At the 2017 World Aquatics Championships in Budapest, in the Men's 50 metre breaststroke, he broke two times the Americas record, with 26.67 at heats and 26.52 in the final, to obtain the silver medal. He also finished 11th in the Men's 100 metre breaststroke, and 5th In the Men's 4 × 100 metre medley relay, along with Henrique Martins, Guilherme Guido and Marcelo Chierighini.

At the 2018 Pan Pacific Swimming Championships in Japan, he won a bronze medal in the 100-metre breaststroke, with a time of 59.60.

At the 2018 FINA World Swimming Championships (25 m) in Hangzhou, China, he finished 6th in the Men's 50 metre breaststroke, 9th in the Mixed 4 × 50 metre medley relay, and 11th in the Men's 100 metre breaststroke.

At the 2019 Maria Lenk Trophy, he broke the Americas record in the 50 metre breaststroke, with a time of 26.42.

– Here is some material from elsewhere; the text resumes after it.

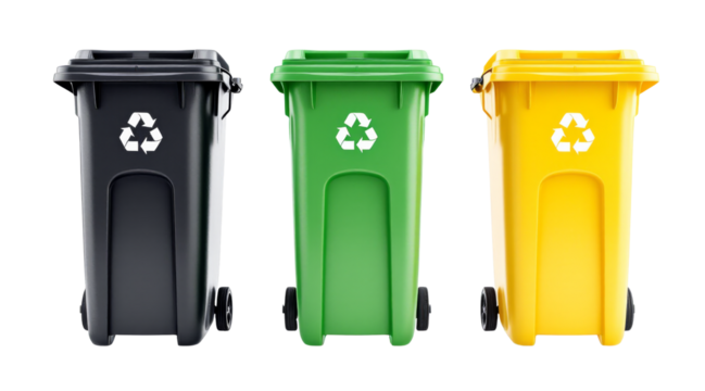 Recycling bin set black green yellow with white recycling symbol on transparent background
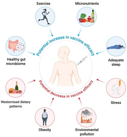 The gut microbiome could also affect the immune response to vaccination [,]. There is reasonable evidence that the gut microbiome improves both B cell and T cell responses to vaccination []. Of note, vaccine responses can vary widely between people in a given region []. A possible explanation is the high variability in the types of gut microbiota between populations []. For example, a study conducted in Ghanaian children concluded that the gut microbiome composition, which correlates significantly with rotavirus vaccine immunogenicity, might contribute to the diminished efficacy of rotavirus vaccines reported in developing countries []. Another study analysed the influence of gut microbiome on mucosal IgA antibody response to the polio vaccine in a population of Chinese infants []. The authors found that the composition of the gut microbiome was significantly different, reporting a higher and lower abundance of Firmicutes and Actinobacteria, respectively, in IgA-negative children than in their IgA-positive peers []. On the other hand, antibiotic administration in individuals with low levels of pre-existing immunity impairs responses to a seasonal influenza vaccine []. Conversely, a recent systematic review on the role of probiotics on vaccine responses suggested that probiotics represent a relatively cheap intervention to improve vaccine efficacy and duration of protection [].

At the 2019 World Aquatics Championships in Gwangju, South Korea, he won the bronze medal in the Men's 50 metre breaststroke. It was the first time that Brazil got two medals in the same event, in a World Championship: Felipe Lima got the silver. In the Men's 4 × 100 metre medley relay, he finished 6th, helping Brazil qualify for the Tokyo 2020 Olympics. He also finished 11th in the Men's 100 metre breaststroke.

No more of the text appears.